Very nice eyes, but aren't cats suppose to have fur to keep them warm? What will he lick? He must have a natural instint to lick his fur.


----------



## Carina (Jan 4, 2005)

Beautiful cat!!!!


----------



## Lori (Jun 8, 2003)

PearlJAtlanta said:


> Very nice eyes, but aren't cats suppose to have fur to keep them warm? What will he lick? He must have a natural instint to lick his fur.


Sphynx cats are born that way, I am sure she is quite used to it.  

She is beautiful!


----------



## Layanna (Jan 3, 2005)

PearlJAtlanta said:


> Very nice eyes, but aren't cats suppose to have fur to keep them warm? What will he lick? He must have a natural instint to lick his fur.


 
Cats different - are necessary! Cats different - are important! There are cats without a wool. There are cats without a tail. It does not prevent them. Sphynxes hot cats. It is not cold to them. The fur is not necessary for them.

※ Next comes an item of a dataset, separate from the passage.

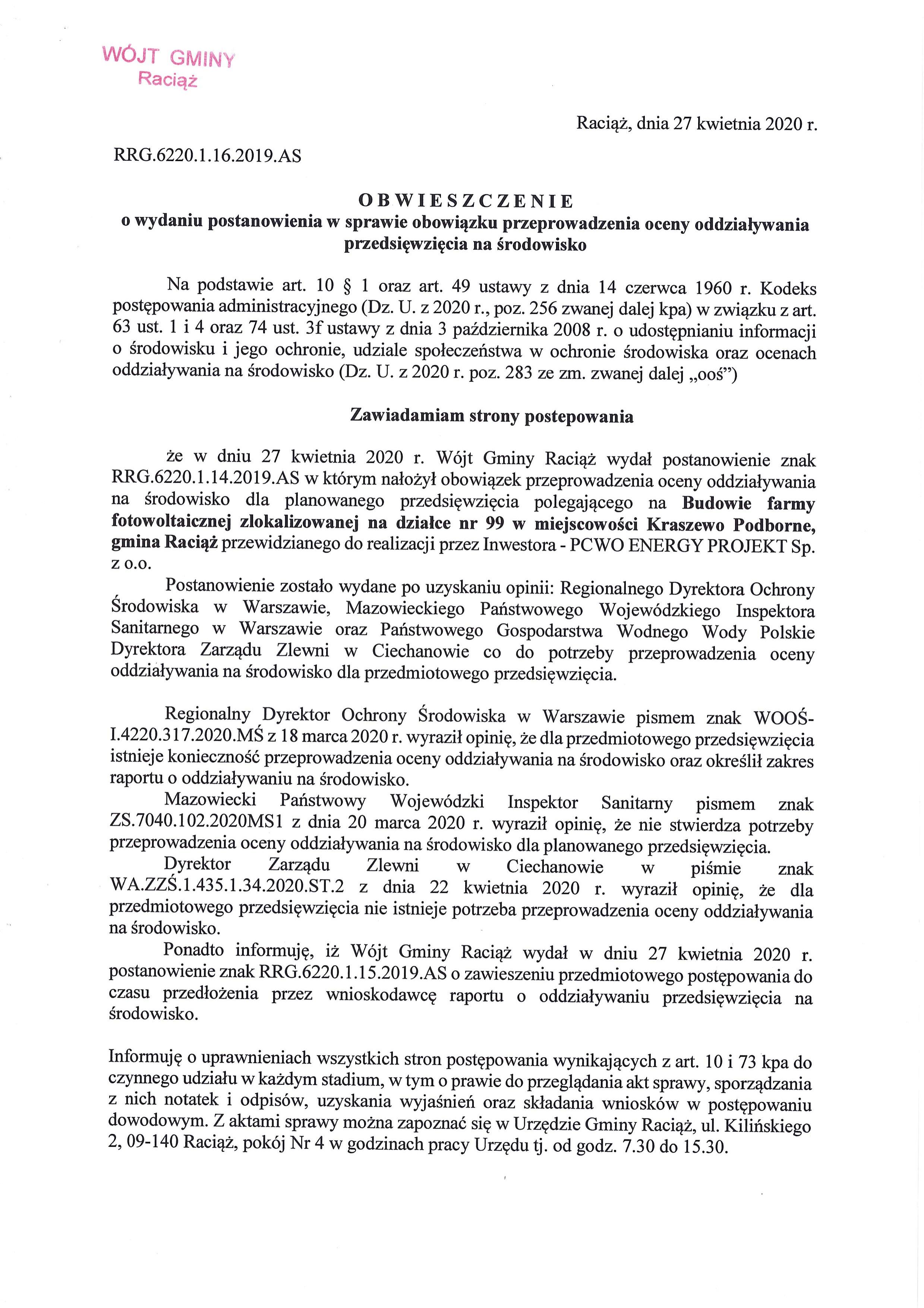 Budowa farmy fotowoltaicznej zlokalizowanej na działce nr 99 w miejscowości Kraszewo Podborne, Gmina Raciąż.
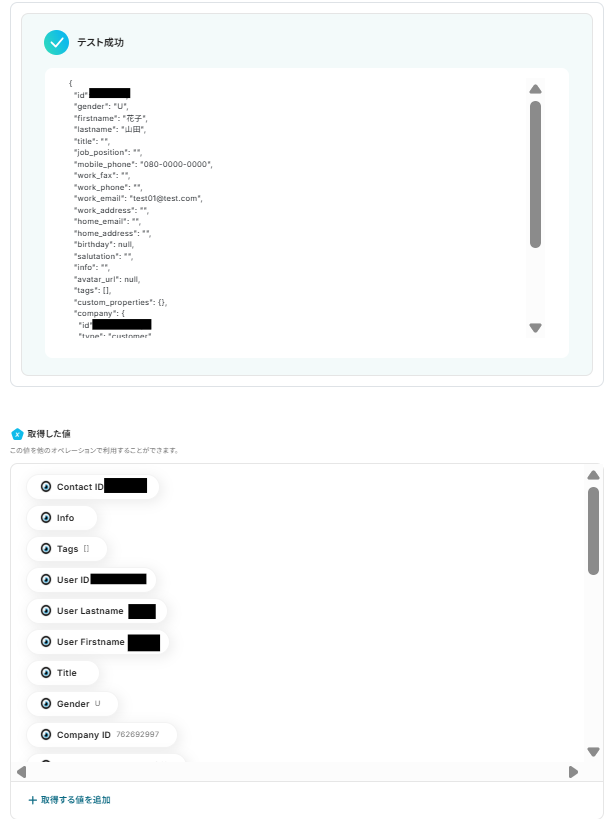 テストが成功すると、取得した値の各項目の横にMOCOで作成した連絡先の詳細情報が表示されます。「保存する」をクリックして完了です!

They like to lick themselves


----------



## kitty_kisses (Jun 27, 2004)

What wonderful photography.... of course, having a gorgeous subject doesn't hurt either


----------



## ForJazz (Dec 30, 2003)

Wow -- the light and contrast in those pictures is great, doesn't it feel good when you find that perfect frame of time to snap pictures of your favorite subject?  Nice work -- great photography. I like the shadows too -- they add a lot to the composition. And it's always good to see Vera, I think she's our only naked friend here! lol. That's interesting about the body temperature -- I never knew that sphynxs were "hot" cats.


----------



## limyer (Nov 19, 2004)

I think your Sphynx is lovely! I think you photography is wonderful! Her body with the light and dark skin colorations along with the sunlight splashing in at angles, and the way you captured it! I think they are all great pics! I am so glad you shared! I may be wrong, but I thought that sphynx kitties had a peach fuzz like coat. Is that true? I have never touched one.


----------



## kitkat (Sep 22, 2003)

Those are some pretty pictures of your cat


----------



## Ashley (Apr 27, 2004)

She's beautiful and I love the photos. I especially like the shadows.


----------



## luvmysphynx (Feb 2, 2005)

Your Sphynx is beautiful and the pictures look great!!! My little Male Sphynx was up on my computer desk when I was looking at the pictures and he seemed to like what he seen :wink:


----------